Cloud Storage Security, 2015

1.3.2

Case Studies: Comparison of Cloud Storage Security

We now compare security features for a number of cloud storage providers.
Table 1.1
does not provide a complete list or an endorsement. Instead, we want to indicate the range and availability of some important security features.


Table 1.1.
Selected Security and Privacy Features of Free Cloud Storage Providers


Provider Two factor EV for HTTPS Encryption Zero Knowledge Compliance Data Centers
Amazon Cloud Drive
https://www.amazon.com/clouddrive
no no no no Safe Harbor
Box
https://www.box.com/
yes no AES-256 no Safe Harbor, APEC
Copy
https://www.copy.com/
no no AES-256 no
Dropbox
https://www.dropbox.com/
yes yes AES-256 no Safe Harbor
Google Drive
http://www.google.com/drive/
yes useless no no Safe Harbor
iCloud
https://www.icloud.com/
yes yes AES-128
 
min
no
OneDrive
https://onedrive.live.com/
yes yes no no
Mega
https://mega.co.nz/
no no AES-128 yes Safe Harbor EU, NZ
SpiderOak
https://spideroak.com/
yes no AES-256 yes
a,b
Safe Harbor, HIPAA capable
Tresorit
https://tresorit.com/
yes yes AES-256 yes Safe Harbor EU
Wuala
https://www.wuala.com/
no no AES-256 yes
a
Swiss DPA/DPO Switzerland, Germany, France
a
Shared files get decrypted on their servers.
b
Zero-knowledge encryption via client application.

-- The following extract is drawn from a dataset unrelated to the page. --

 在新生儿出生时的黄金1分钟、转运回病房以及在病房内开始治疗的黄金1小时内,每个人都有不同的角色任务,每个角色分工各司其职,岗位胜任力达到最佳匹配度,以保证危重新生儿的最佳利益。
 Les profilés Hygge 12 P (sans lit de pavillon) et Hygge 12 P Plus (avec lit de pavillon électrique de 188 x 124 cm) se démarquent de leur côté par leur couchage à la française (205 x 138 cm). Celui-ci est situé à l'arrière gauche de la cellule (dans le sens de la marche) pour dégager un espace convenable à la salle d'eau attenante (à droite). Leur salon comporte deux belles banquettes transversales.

The cloud storage providers we compare all have some amount of free (non-trial) storage, and we compare their security on these plans. Note that in some cases, paid plans will have additional security options.

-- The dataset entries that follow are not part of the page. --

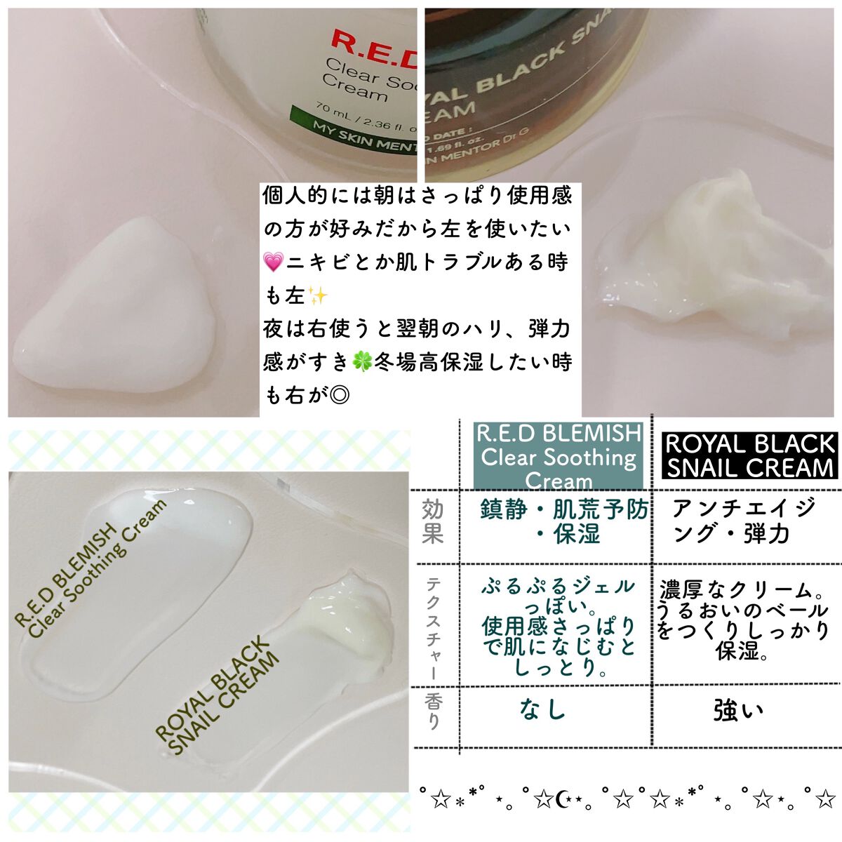レッドブレミッシュ クリア スージングクリーム みずみずしい水分クリームで、さっぱりした使用感! ロイヤルブラックスネイルクリーム こっくり濃厚クリームで、上品な香り。潤いを閉じ込めてくれてハリツヤを与えてくれる印象です。
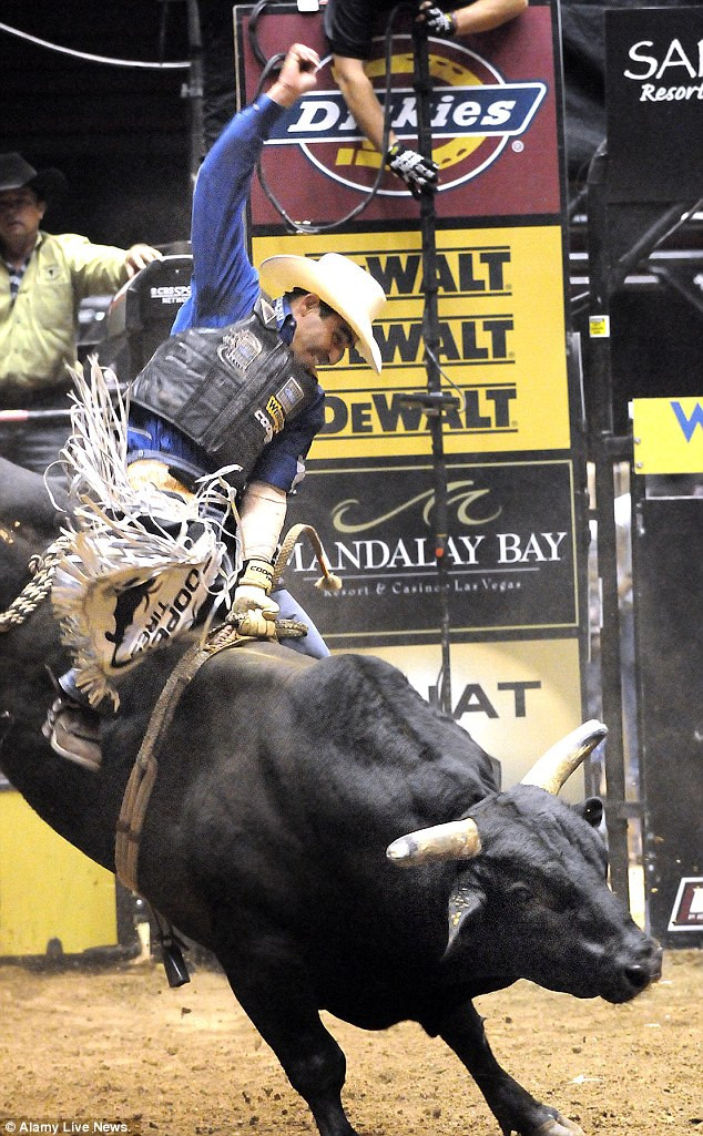 | Emilio Resende, 24 tuổi, ở Albuquerque, New Mexico, bị ngã trong một trận đấu tại giải Ty Murray Invitational hôm 25/3. Sống sót, Resende đã giành được vị trí thứ 19 trong số 35 đấu sĩ tham gia giải đấu năm nay với 1 điểm. |
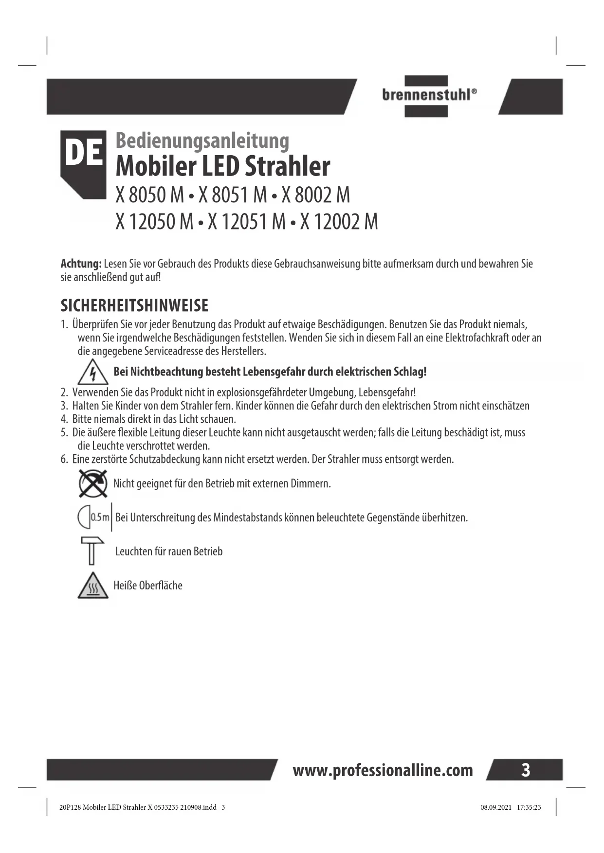 Finden Sie kostenlos die Bedienungsanleitung des Geräts professionalLINE X 12050 M BRENNENSTUHL als PDF.

We compare security based on the criteria of two-factor authentication, Extended Validation (EV) certificates, encryption strength, zero-knowledge encryption, regulatory compliance, and location of data centers. We do not delve in to the details of how individual providers maintain security in their data centers.

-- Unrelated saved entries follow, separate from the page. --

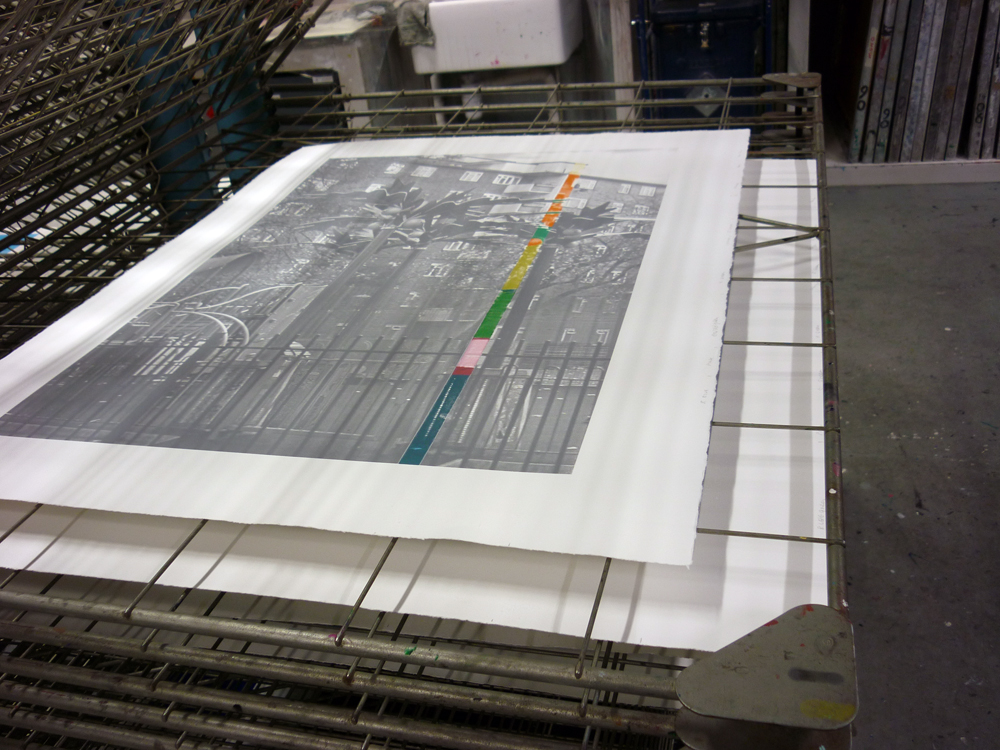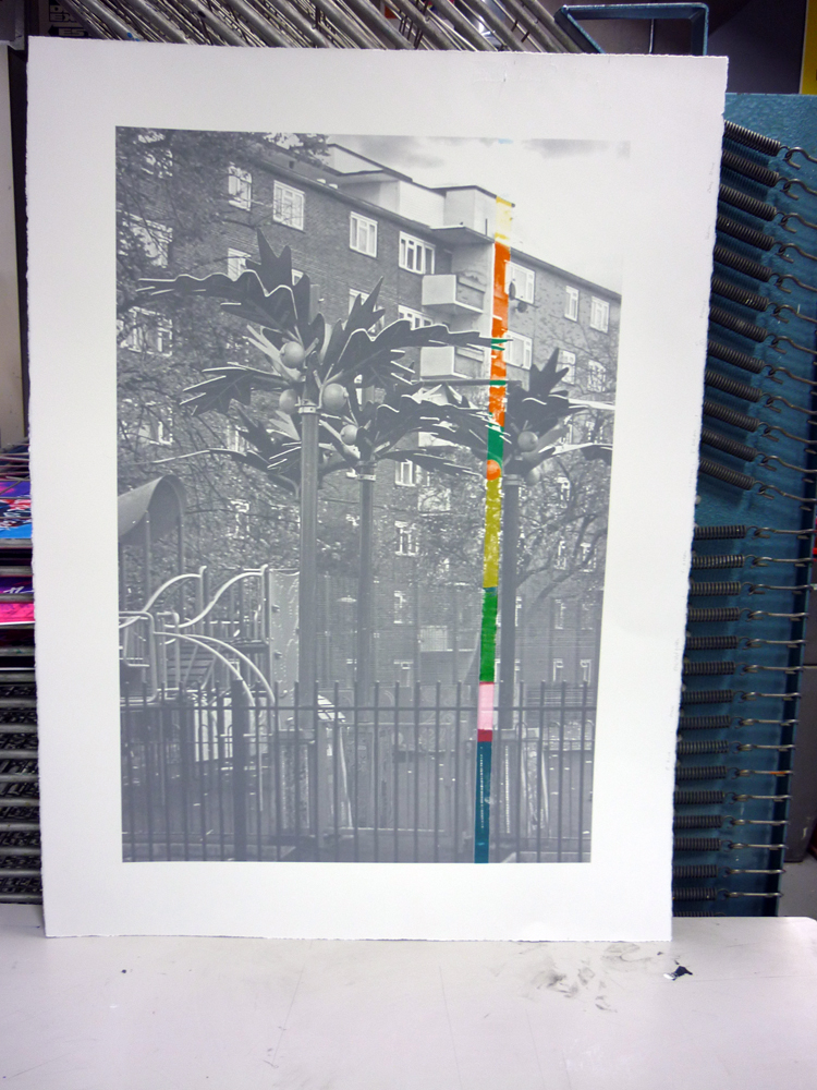 I printed grey straight onto white polyester leaving a blank strip for the colour sublimation print. Working with the polyester spray-mounted onto thin card to keep the image square I used the heat-press to add the strip of colour.
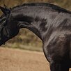 Великолепная вороная кобыла, крупная и широкая, барочного типа. Базово заезжена в 5 лет. Жеребилась, сейчас стоит с жеребенком, отъем в декабре 2025. После отъема жеребенка будет втягиваться в верховой тренинг. Хороший характер.
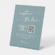 Ce bateau de mer chic et boho turquoise capte le signe du mariage d'amour est parfait pour un mariage minimaliste. Le design bohème moderne et coloré bleu vert présente une calligraphie rustique simple, avec un style unique mais classique qui rappelle la plage, l'océan et le bord de mer d'été. Entrez votre adresse Web dans la section de code QR du modèle et le code QR sera automatiquement mis à jour et lié à votre site.

Two-step or two-factor authentication requires the user to enter two pieces of information to login, a password and a one-time passcode sent to the user by text, email, or retrieved by the user with an app. As a variation on this method, the Google Authenticator App has users store a shared secret from the website on their device. To log in to the site, users must provide their username, password, and a one-time password generated by the app.

In addition to the above two-factor authentication strategies, Google will optionally remember your computer and use it as the passcode. Google Chrome also supports USB security keys for two-step verification. Once you register this key with your Google account, it unlocks your account similarly to a house key that unlocks your house, after you provide your username and password.

Extended Validation (EV) certificates provide an extra level of security that verifies you have no one intercepting your data while in motion between you and your cloud storage. Note that Google probably does
use EV certificates, but their infrastructure prevents browsers from providing confirmation to users that they have a secure connection with Google. This makes Google EV useless for privacy and security from the user’s perspective with respect to independent confirmation from a CA.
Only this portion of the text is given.